Should I Stay or Should I Go?

We are aware that this is a hot topic for many.  And it is a decision that no one can make for you.  However, if you or your children are exposed to violence or sexual abuse, then we strongly advocate that, for safety,  you should leave or get your drinker to leave.

When we wrote the Bottled Up book, almost the only advice that was given by friends, relatives and treatment agencies was to leave.  In fact we actually wrote the book in response to that lack of options.  We wanted to provide an alternative to the many, many people who still loved their drinker and did not want to, or were not ready to, make that break.

5 Replies to “Should I Stay or Should I Go?”
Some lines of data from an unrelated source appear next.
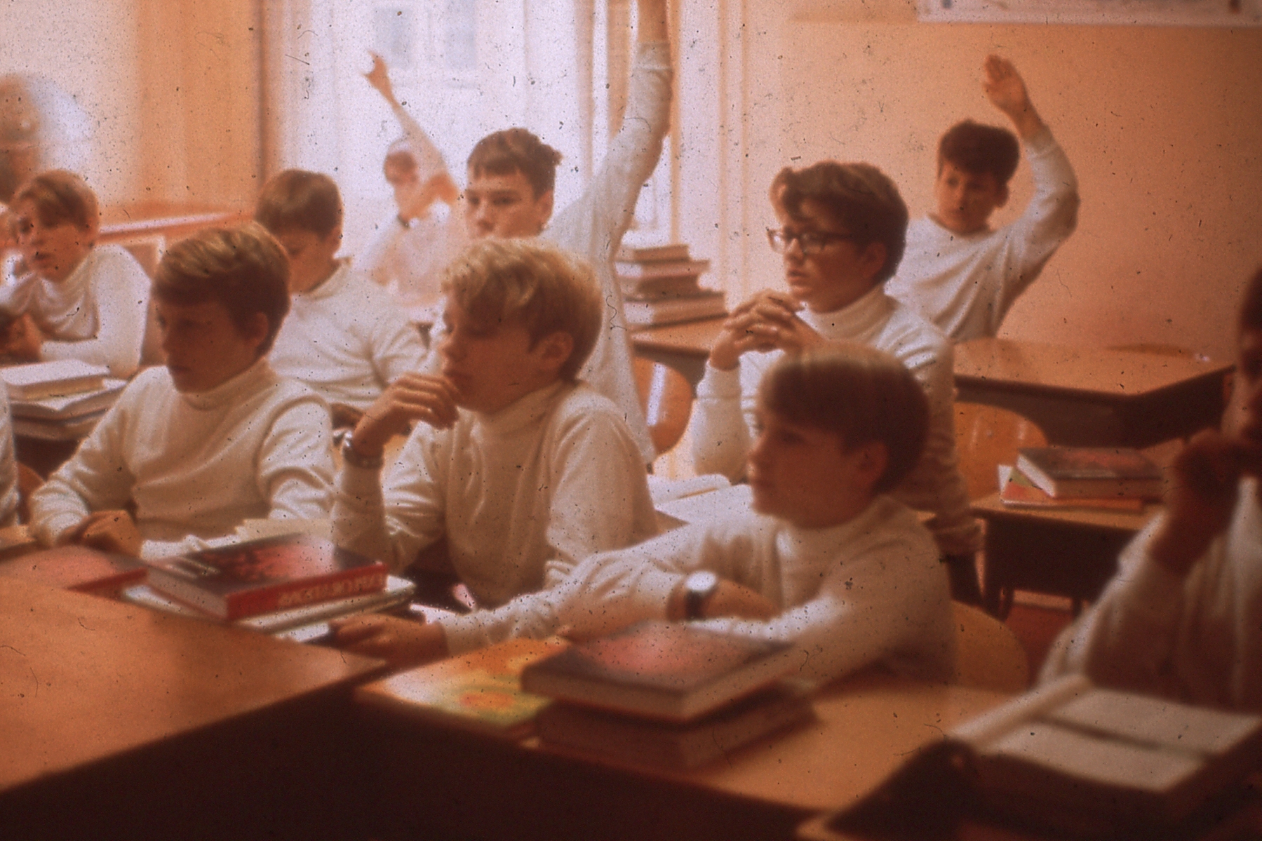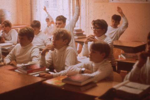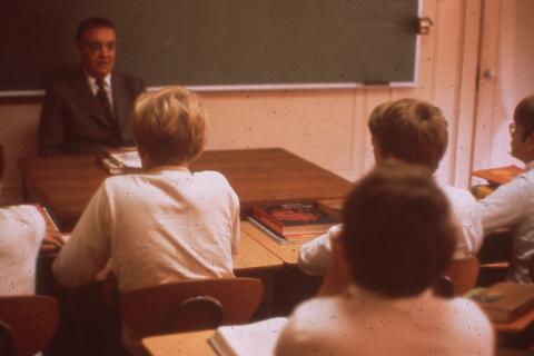 Boys wearing white turtlenecks in classroom with Mr. Graham Matheson teaching
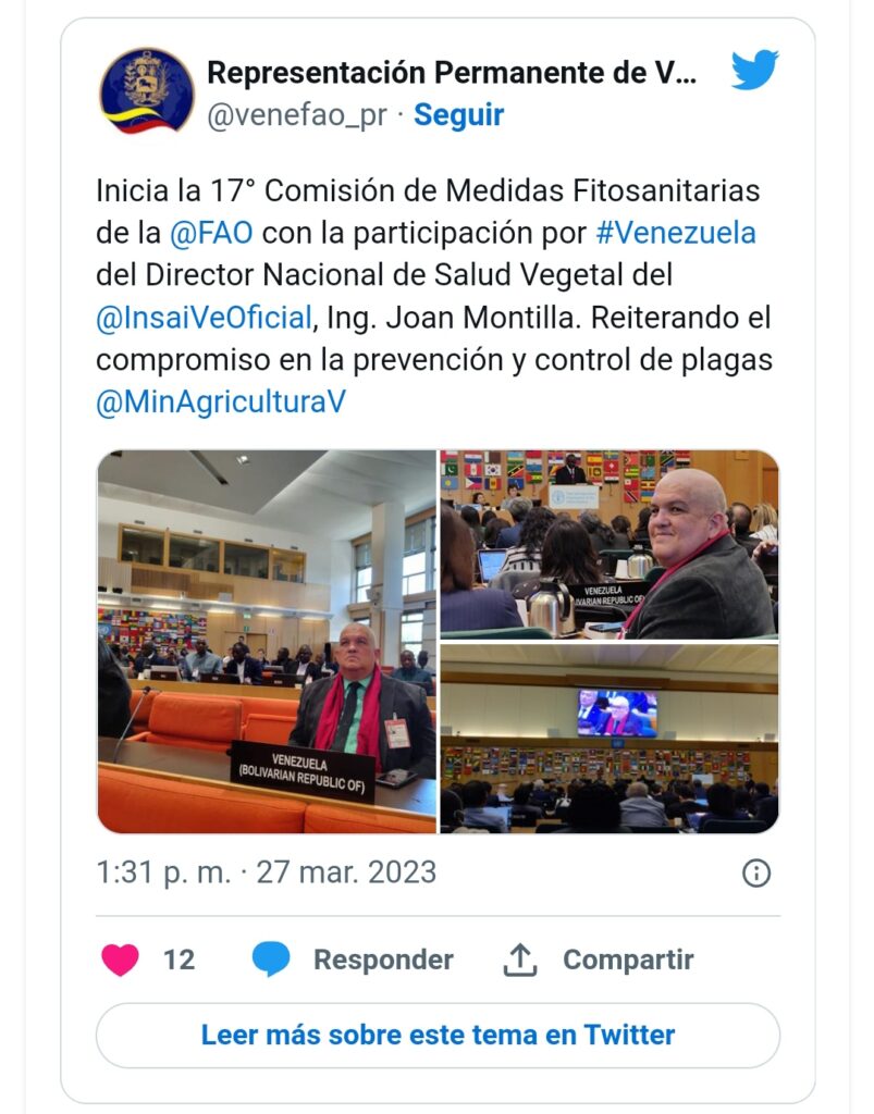 El director Nacional de Salud Vegetal del Instituto Nacional de Salud Agrícola Integral (Insai), Joan Montilla, participó en la 17º Comisión de Medidas Fitosanitarias de la Organización de las Naciones Unidas para la Alimentación y la Agricultura (FAO), con el objetivo de reiterar el compromiso en la prevención y control de plagas en Venezuela.
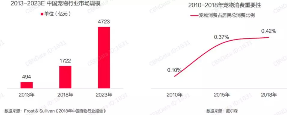近些年,随着我国人民物质水平的提升,越来越多的年轻人开始饲养宠物。根据Frost&Sullivan和尼尔森的报告,我国2013-2018年宠物行业市场规模增长了近3.5倍,并且将延续爆炸式增长趋势,在2023年达到接近5000亿的规模;宠物消费的重要性也比十年前提升了四倍多。
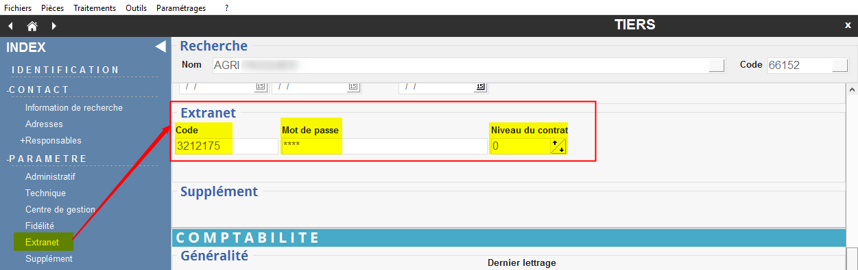 Au sein de la fiche Tiers : Paramètre-> Extranet
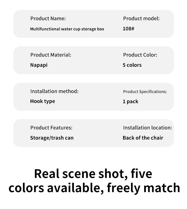 Car Cup Holder Car Seat Back Storage Box Multi-Functional Storage Bag Rear Seat Organizer Hook Trash Can

  1. After watching my sister for 18 years live with an abusive alcoholic, the toll it has taken on my 87 year old mother 83 year old step-father, and myself I would say go. She has no children with this man she is trauma bonded to him. I am entering therapy to deal with this. I have been to Al Anon, didn’t help me. Now that I am breaking out in hives due to her situation I need help. She has changed so dramatically and doesn’t even know what day it is. There is no upside to staying with an alcoholic, especially if there are children involved. What is the message? Put up with a broken, lost, depressed individual or rescue from this life, which never gets better. Never pity them its a trap. How is a drunk a good husband, that doesn’t make sense. My father was an alcoholic and myself and two siblings have struggled with relationships for a lifetime. Doesn’t matter how you build up your own life if you are going home to a man that is drunk every night it is depressing and their is no getting around that.

  2. I was so happy when I found you both back in about 2009 or 2010. As you say, everyone says leave, as if every situation is the same. I found a book recently called Beyond Addiction: How Science and Kindness Help People Change. One thing they stress is that not every situation is the same and not all alcoholics are the same. Until I came across your website those many years ago, I felt guilty for loving someone with an alcohol dependence. He wasn’t abusive, but he could be unpredictably moody which was very stressful. There were lots of times when I had one foot out the door, but he is the love of my life so with the help of Bottled Up and other sources I made my way through the tougher times. Over the years he cut back until it really didn’t affect our relationship. But because he is in his late 60s and alcohol is having a detrimental effect on his health, he is putting in a real effort to quit completely. He is getting counselling and being honest with doctors like he never used to be. Not every situation is untenable. I found I could decide what my OWN boundaries were and quit worrying about labels like enabling and co-dependent and the common wisdom that only made me feel bad about myself. With Bottled Up and the book I mentioned I realised that I was mostly doing it right all along. That doesn’t mean I’m not human. On occasion I turned into a raging maniac, like when he started drinking again after being sober a month and I was screaming and kicking a bottle of vodka around in the snow. Not my proudest moment. You helped me feel like there wasn’t something wrong with ME because I was choosing to support my husband even though he was less than perfect. Also that it was normal to lose my cool sometimes even if I’m trying to do the right things. Our life is good now.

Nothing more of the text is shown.